If your parents can’t agree where you should live, the court might get involved to make a decision. If this happens, your opinion will be listened to.
You have the right to stay in contact with both your parents, even if you don’t spend as much time with one of them as you would like. The only reason why you might not be allowed to stay in touch with one of your parents is if he or she is hurting you, or it would be harmful for you to be in contact with them. This applies to all children, whether their parents are together or not.
If your parents don’t want to live together any more, they can try and agree where you will live. The decisions they make will depend on lots of things. If both your parents want to stay living in the same area, you may be able to split your time equally between your mum and your dad. If one of them wants to move to a new area, your parents may agree a different arrangement so you can carry on going to the same school during term time, but visit your other parent at weekends or holidays.
If your mum and dad can’t agree about where you will live, they will need to ask a judge in the Family court to make the decision. You will be asked about what your views are, and what you think will happen. An organisation called CAFCASS CYMRU will be involved and you will speak to a Family Court Advisor who will write a report that the court will see.
No. You won’t be asked to choose between your mum or your dad. The court will make the decision about where you live by working out what will be in your best interests. You will be asked about what you think, and what you would like to happen, but you won’t be made to choose.
You won’t usually be expected to go to the court when the decisions are being made. If you would really like to talk to the judge who will make the decision you should let your CAFCASS CYMRU Family Court Advisor know that this is what you would like to do. They may be able to arrange it for you to speak to the judge about what is happening and about what you want.
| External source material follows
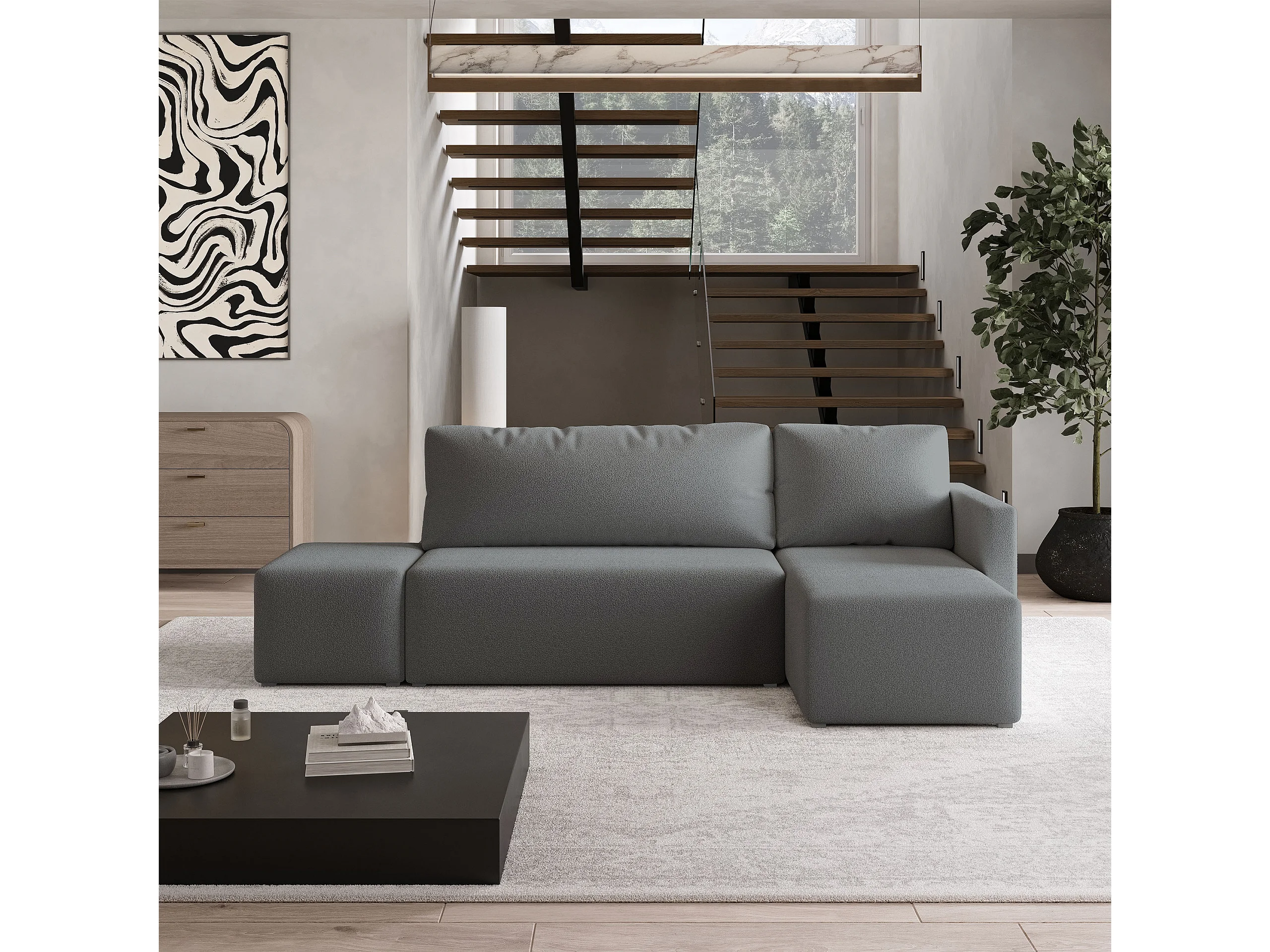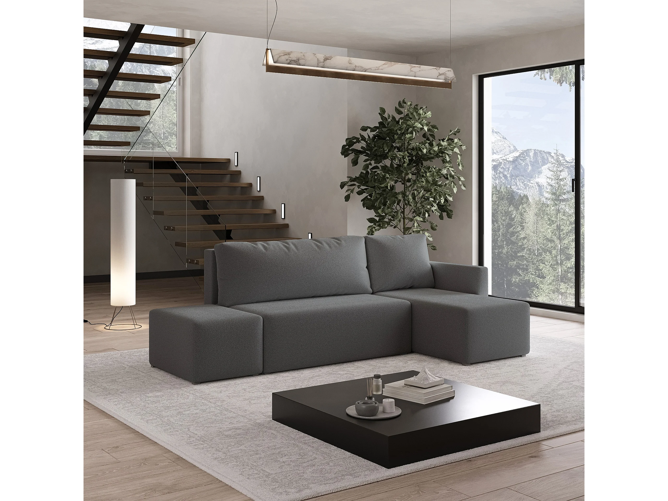 Hoekbank VELOTTI van fluweel met slaapfunctie Grau

Both your parents are responsible for bringing you up, even if they don’t live together. Your mum has ‘parental responsibility’ for you from the moment you are born, and in most cases, your dad will have parental responsibility too. If both parents have parental responsibility, they will both keep it even if they have split up and you don’t live with one of them or see them very often. This means that they should both be involved in important decisions about you.
You may decide that the new living arrangements that your parents agreed, or that the court decided, aren’t right for you. If the court made an order about where you would live, this usually lasts until you are 18. If you are 16 or over and you don’t want to live with the parent you are supposed to live with any more, it will be difficult for anyone to stop you going to live with the other parent.
If you are under 16, you may be able to agree different arrangement with your parents. You could also talk to CAFCASS CYMRU to find out about changing the arrangements.
If your mum or dad has been hurting you or not looking after you properly, the local authority may have asked a judge to make a decision that you should not be allowed to be in touch with that person. You will be asked by a Family Court Advisor from CAFCASS CYMRU about how you feel about this before the decision is made, but it will be the judge who makes the decision. He or she will have to make a decision which is in your best interests.
If the parent you are living with is making it difficult for you to see the other parent, this is wrong. If you can talk to the parent who is making it hard for you to see your other parent, you may be able to work something out that means you do get tp see and spend time with your other parent. This is often called ‘contact’. If you can’t talk to them, or you try and they won’t listen, it might help to talk to another adult who you trust.
The other parent can apply to court for contact with you, or, if this isn’t possible, you may be able to apply for contact yourself. You will need to get legal advice about this, so you might start by talking to CAFCASS CYMRU who might be able to help you.